During the course of this review, the HSE initially identified the following seven records as coming within the scope of the applicant's request:
Letter dated 24 January 2002 from the IMO with four pages attached
Letter dated 21 November 2003 from the IMO with four pages attached
Letter dated 30 January 2004 from the IMO with two pages attached
Letter dated 15 March 2004 to the IMO
Letter dated 2 December 2004 to the IMO
Letter dated 21 December 2004 from the Department of Health
Letter dated 15 May 2008 from the HSE with 4 pages attached
During the course of the review, Ms Sandra Murdiff, Investigating Officer, notified the IMO of the review and invited submissions on the matter in accordance with section 34(6) of the FOI Act. On 10 September 2015 the IMO indicated that it had no objection to the release of Records 1-3 above to the applicant, subject to the redaction of third party personal information. Consequently, the HSE released these three records in part to the applicant.

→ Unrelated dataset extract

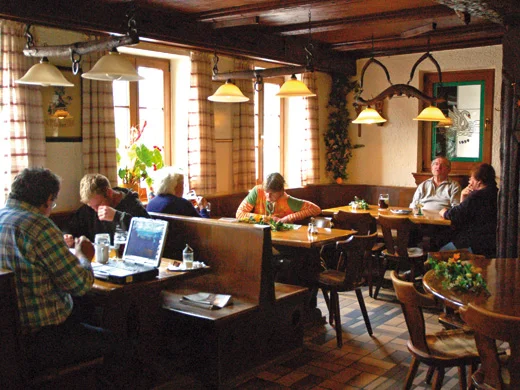 Das Fachwerkgebäude der Brauereigaststätte steht schon lange unter Denkmalschutz. Hier aßen und tranken die Gäste über Jahrhunderte und konnten auch übernachten. Barbara Hübner nimmt alle drei Säulen dieser Gastlichkeit besonders ernst und verwöhnt die Gäste mit einem Komplettprogramm. Zum süffigen dunklen Vollbier bereitet sie Spezialitäten wie Kuttelfleck oder alle vier Wochen ihre legendären Bierhaxen. Natürlich kann der Biergenießer auch jederzeit ein Zimmer buchen.

On 11 December 2015, the HSE informed this Office that it had located one further record relating to a payment made by the HSE to the IMO in July 2005, namely a copy of a bank statement relating to a cheque payment made by the HSE to the IMO in 2005. According to the HSE, the cheque issued in July 2005 but did not show up on the bank statement until November 2005, presumably when it was cashed. For the purpose of this review, I will refer to this record as Record 8. I understand that the HSE intends to release the relevant part of this record to the applicant, namely the amount paid. The record contains no details as to the reason for the payment or the person to whom the payment was addressed and it is the HSE's position that it can find no further records which contain the information sought.
In conducting my review, I have had regard to the HSE's decisions on the matter and its communications with this Office, and to the applicant's communications with this Office and the HSE. I have also had regard to the records coming within the scope of the request, copies of which have been provided to this Office for the purposes of this review.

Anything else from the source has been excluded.